Handing my scantily filled-out paper back to Reggie, he quickly walked back over to me and said quietly, “are you sure you want to hand this in like this?” Damn so I had to use it to articulate my identifying the wine, like the row below me had; I got busy using the time we had left to flesh out my decisions with their language with sweat popping out of my forehead, face red with embarrassment and a sudden surge of high blood pressure.
So, Reggie did not have to do what he did, and I don’t know if he even remembered me at DiVine and felt sorry for me…
Back before the Service portion, before I was on the edge of quitting, the Master Somms were heading up-stairs, passing quietly through the gaggle of stressed-out students in the reception area waiting to be called up in fives for the Service test…Some took the elevator, but Reggie was using the stairs, one of the steps of which I was sitting on as I was not part of any of the huddling cliques in the packed room.

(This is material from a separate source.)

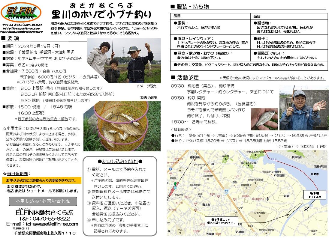 ◎里川のホソで小ブナ釣り:小学3年生~中学生およびその親子

Just as he passed me, without moving, without thinking I suddenly heard myself say “thank you Reggie”…I was thanking him for enchanting me at DiVine, for handing back my test, for working with me during the blind tasting exercise, leading down a path to where we ended up with an Old World red blend.
His leg hung in the air for a split second, then his accent continued, my gratitude momentarily lifting my gloom.
Not much later, leaning against that wall, I heard the footsteps of the next group, minus one… Holding Reggie in the back of my mind, we entered the room, with my shoes slapping smartly as I began to serve a Master Sommelier, and his table of elegant, hungry ghosts.
At the end of that day, at the end of the exams, we were going to be kept waiting for a long time for the results; a student that was taking the exam for the second time said this was an unusually long wait. Just then one of the admins emerged from the closed door of the sanctum holding our future, ran down to the desk and grabbed another graduation packet, barley glancing back as she raced back and slammed the door.